It felt obvious to me like never before that not only was the immense contribution of commonwealth troops in this unprecedented and hellish conflict almost entirely absent from British commemorations of the subject, but that the gross injustice of the scale of the class division at play remained largely unspoken. Thankfully, at this time, the lions led by donkeys narrative remained present in comprehensive education, bolstered by the memories, no doubt, of a generation of men and women raised by those who were lucky enough to survive WW1 or those unfortunate enough to have been widowed by it.

Where the rest of my schooling may have been deeply inadequate at tackling or even acknowledging imperialism, visiting Ypres and Flanders made it impossible not to engage with the sheer scale and diversity of working class lives lost in the furtherance of the petty sentiments of nationalism and monarchs. A Level history was more thorough when it came to the subject of empire, although this was perhaps a result of the colleges catchment area being much more diverse, with Islam the most observed religion and a more balanced mix of Asian, afro-Caribbean and white students studying alongside each other. In this light, it would have been preposterous for tutors to not encourage a serious, historically and politically informed discussion about issues such as imperialism and racism.

But by that stage the damage was already done for those having left the comprehensive system with not one iota of critical engagement with the realities of exploitation and empire.
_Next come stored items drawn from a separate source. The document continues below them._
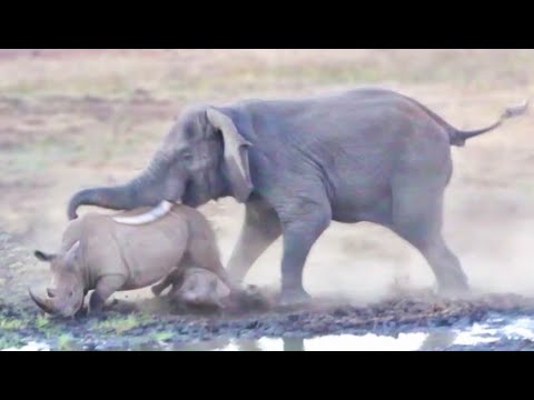 Un elefante arremete contra un rinoceronte y su cría. Si alguna vez te habías preguntado quién ganaría entre estas dos bestias, pues aquí tienes.
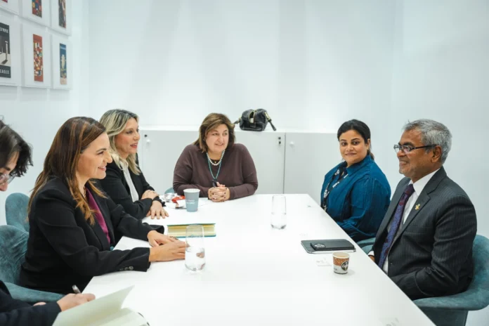 ލަންޑަންގައި މިހާރު ކުރިއަށްދާ ދުނިޔޭގެ ފަތުރުވެރިކަމުގެ އެންމެ ބޮޑު މައުރަޒުތަކުގެ ތެރޭގައި ހިމެނޭ ވޯލްޑް ޓްރެވަލް މާކެޓް (ޑަބްލިއު.ޓީ.އެމް) 2025 ގައި، ދިވެހިރާއްޖޭގެ ފަތުރުވެރިކަމާ ބެހޭ ވަޒީރު އޮނަރަބަލް ޠާރިޤް އިބްރާހިމްއާއި ގްރީސްގެ ފަތުރުވެރިކަމާ ބެހޭ ވަޒީރު، އޮނަރަބަލް މިސްޒް އޮލްގާ ކެފަލޮގިޔާނީއާ ވަރަށް ފައިދާހުރި ބައްދަލުވުމެއް ބާއްވައިފިއެވެ.
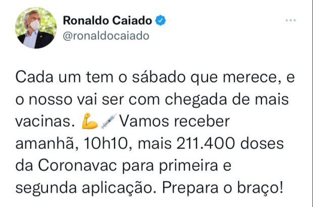 No sábado, 18, está previsto chegar em Goiás 211. 400 doses da Coronavac. O novo lote é destinado tanto quanto para primeira aplicação como para segunda.
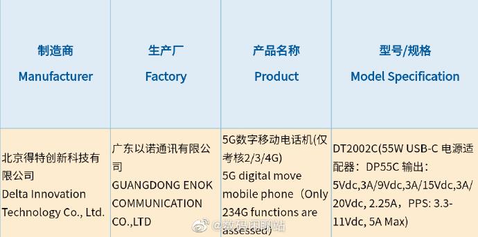 继此前型号为 DT2002C 的坚果 5G 新机通过无线电认证后,据博主 @数码闲聊站 介绍称目前这款坚果 5G 新机也已入网,标配全新 CtoC 充电器并支持 11V 5A 最高 55W 功率快充。

I can hardly blame them for not continuing to study history when it was presented so uncritically, so boringly, as if there was little at stake and events played out perfectly in line with the whig reading of history that was by that point already 40 years discredited by the historians of the new left.
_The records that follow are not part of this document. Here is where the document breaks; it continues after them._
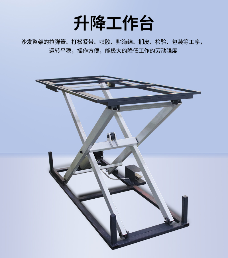 1.氣動升降工作臺沙發(fā)生產(chǎn)廠諸多工序適用,可選擇升降、旋轉(zhuǎn)、腳輪等不同的功能配備。
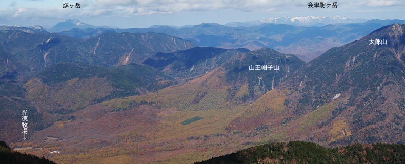 ←北側に隣の大真名子・女峰山が見えてきました。八合目あたりで山頂方向に法螺貝の音を何度か聞きましたがこの辺で出会った反対方向からの登山者に依ると、今日が男体山閉山の日で、山頂で閉山式があったそうです。 先ほどの山伏さんはそのための登山だったようで、そういえば朝早く志津小屋の脇を通った時、出発の準備をしていて、「今日は打ち上げには出ないで……」などという会話が聞こえました。たぶん打ち上げの飲み会があるのでしょうね。 |
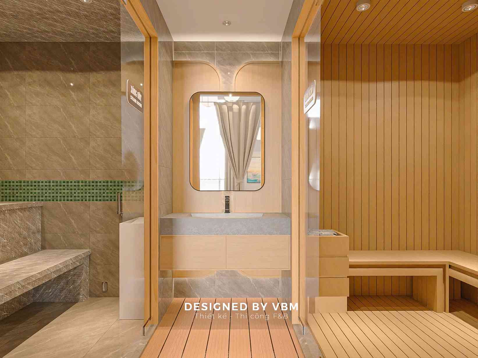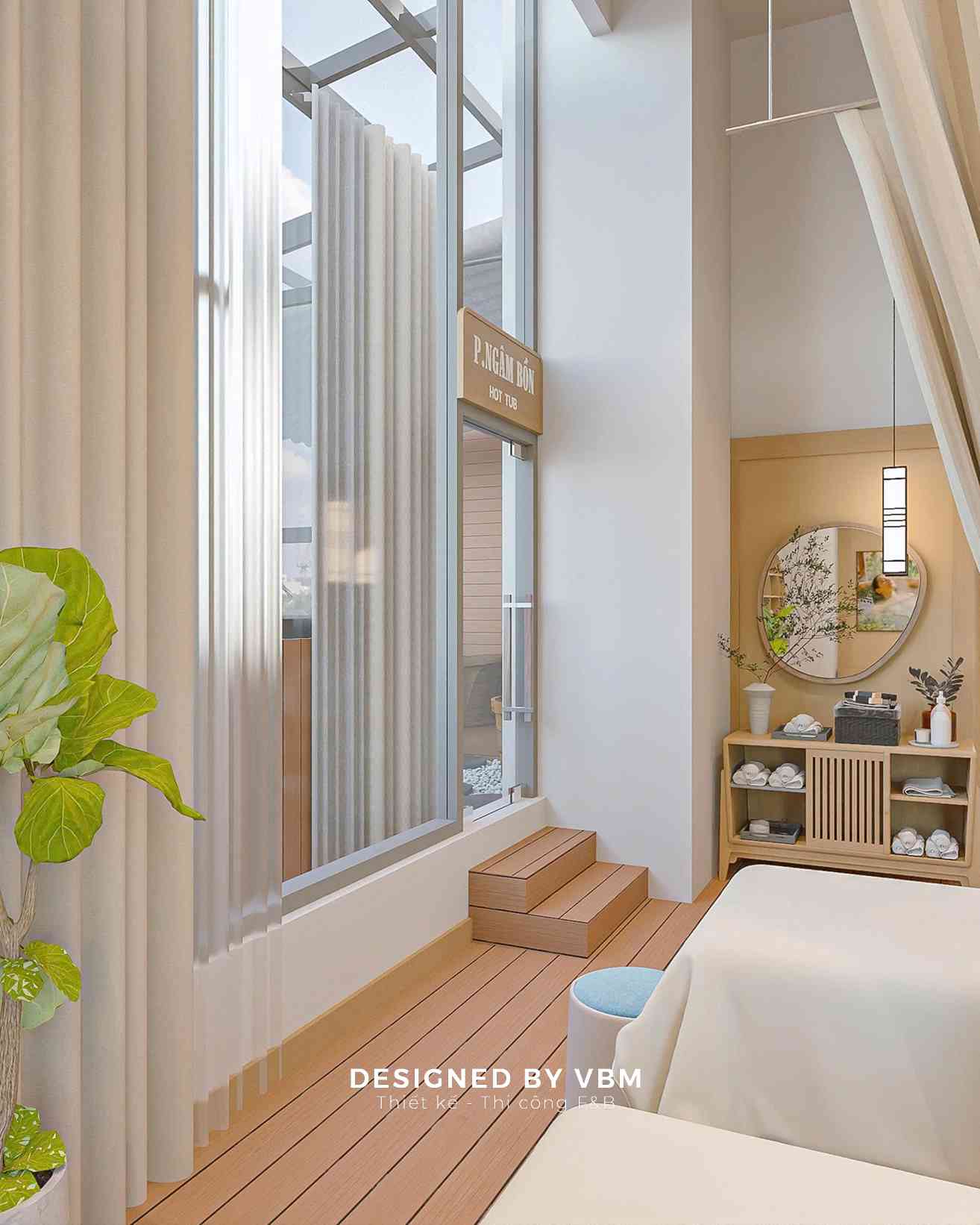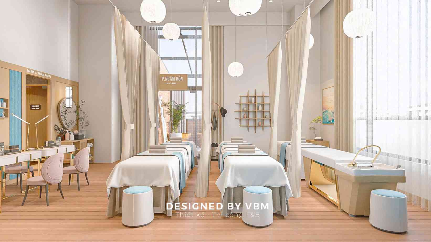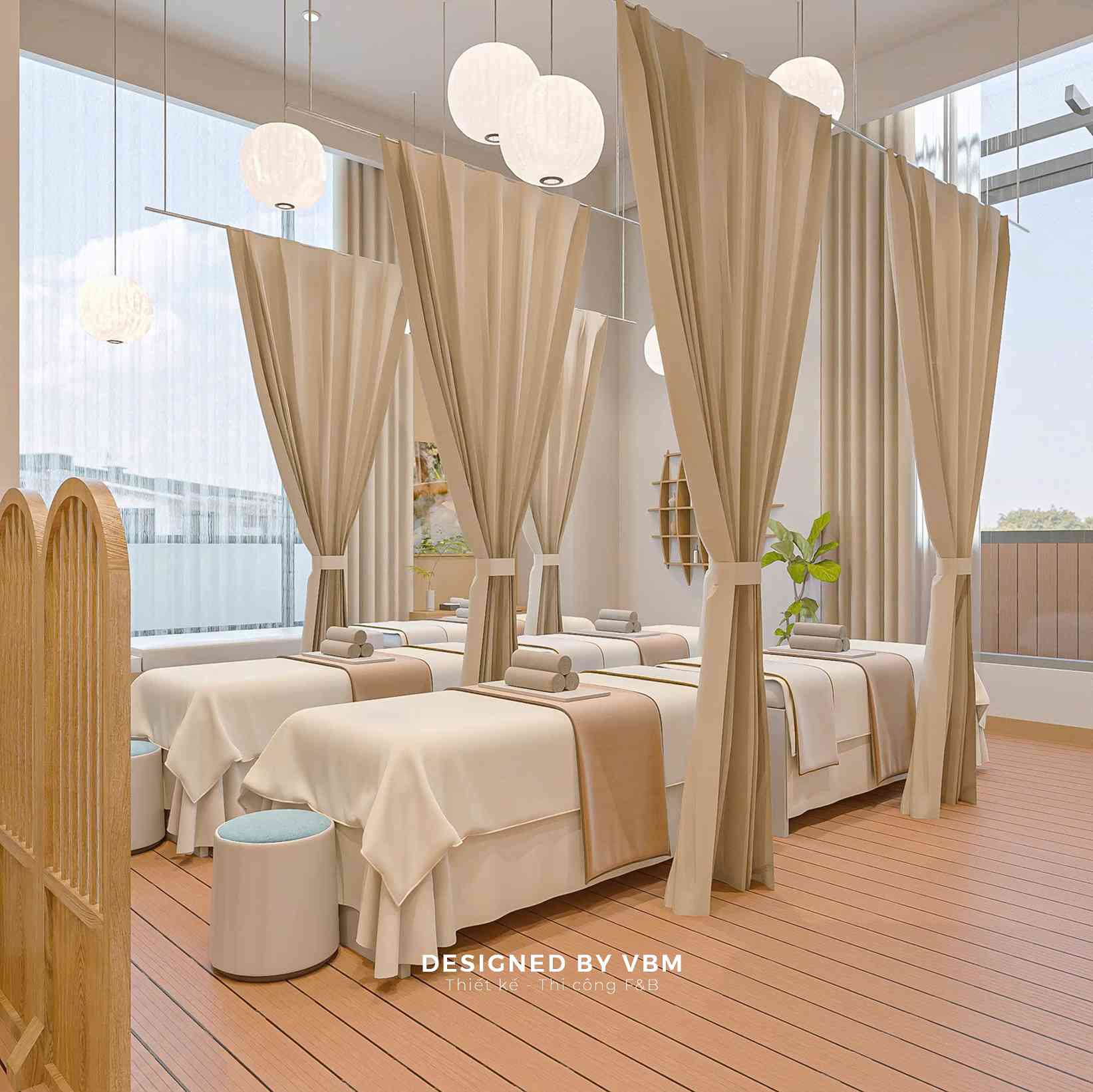 - Không gian chức năng khoa học: Phân chia khu massage, ngâm thảo mộc, và khu nghỉ ngơi rõ ràng nhưng liên kết mềm mại qua rèm và vách ngăn nhẹ.

As part of a generation for whom nearly everyone had at least one grandparent who had fought in WWII, it feels hard to convince people used to current uncritical glorifications of that period that a good portion of men of my Grandads age would speak both with a degree of pride but also a deep ambivalence about their wartime experiences. The grandparent who remained largely circumspect in relation to their wartime experiences only for their slide into seinility or dementia be signalled by a sudden, panicked flashback or outpouring, a suddenly detailed and disturbing anecdote of danger and violence experienced during wartime is not uncommon among my generational cohort.

It feels like this widespread reticence on behalf of those involved to speak frequently about their experiences of war has instead led to an assimilation of their historical narrative into a formalised brand of recuperative nostalgia. As many commentators and tweets have already pointed out in some depth, this is something almost exclusively engaged in by those who never lived through the war years themselves, seemingly in some odd act of vicarious fantasy lived via their own elderly fathers or long dead grandparents. This wilful sanitisation of historical reality constitutes the contemporary ideological backdrop for any attempt to distract from ruling class failings at a time of crisis (Keep Calm and Carry On, Blitz spirit, stiff upper lip, clap for the NHS etc)

This inclination finds its origins in both recycled wartime propaganda as a received record of events and in the coping mechanisms enacted by those remaining at home subject to blitz and rationing. In some form it has always existed as a glib patina in British life, a method of absolving all previous and future crimes of empire or foreign intervention by an appeal to the kind of jingoism that genuinely believes it was Britain, and Britain alone, whose embattled Island nation defeated the military might of Nazi Germany. That this narrative frames American intervention as late and insignificant and ripe for mockery, while entirely ignoring the enormous sacrifice of Soviet Russia in defeating the advance of the Third Reich makes it inherently ridiculous. But in austerity Britain after 2010 it has mutated to a grotesque parody, a nation of hardy, implacable, cap doffing Brits doing their bit with spirited wit and ingenuity against what was, in reality, a backdrop of widespread fear, city-scale industrialised destruction and huge personal loss.

Churchill Was Racist': Indians Remember Bengal Famine after Statue ...

It’s here that the figure of Churchill as an unimpeachable totem of Britishness becomes emblematic of the social and cultural consequences of not assessing complex figures in their totality, of ignoring or minimising their deep responsibility for maintaining and directing the white supremacy of imperial domination that they should universally symbolise as recognisably as any slave trader. Yet criticism of the fencing off of figures like Churchill in the national imagination is only now beginning to be deemed within the realm of acceptable political discourse, almost entirely due to the efforts of BAME led organisations to decolonise public spaces and educational and social institutions.

Long may we keep reminding people of that mans disastrous military adventurism, his ruthless repression of working class movements and his weaponizing of famine, gas and concentration camps in the service of empire. Here was a man far less adored and venerated by many of the working class men who do his fighting for him than is usually remembered, especially those drawn from regions like the north east who vividly remembered the effects his rabid anti-socialism had on the struggles of their parents to improve their wages and conditions.

The relative quietude of many of those who fought WWII was exploited, drowned out by the always louder but often less numerable numbers inclined to kneejerk nationalist sentiment in any situation regardless of accuracy. It goes without saying that during my education not a single mention was made of any of Churchill’s actions that might have made for a more well rounded picture of the man. Again, this was considered entirely beyond the pale.

Where the  British Empire was mentioned in my history classes, it was generally mentioned in passing as notable for it’s cultural consequences – tea, sugar, textiles etc – and in a broadly positive light as the background to the reign of Queen Victoria. There may have been some sanitised context of the empire relating to WWI/WWII, but this lack of willingness to confront historic British crimes has always made me fearful of the arrival of a hard right, nativist turn towards a culture war as one consequence of the disintegration of the end of history narrative. I’m minded of an instructive incident in one of our GCSE history classes in 2001 where I and 2 other kids, all 3 of us from left/trade union families, were the only students to answer the straw poll “are you proud that Britain had such a big empire?” in the negative. The entire rest of the class derided us for it.

I don’t say this to boast or to get retrospective cred, but to illustrate the inadequacy of an entire generations levels of education on the subject of empire, race and oppression. We remain far worse than the US in terms of acknowledging the consequences of our violent history. That history of massacre, of invasion, of famine, of brutal resource extraction and racist, imperialist subjugation based on capitalist expansion and racist pseudoscience haunts our shittip of a tinpot island to this day.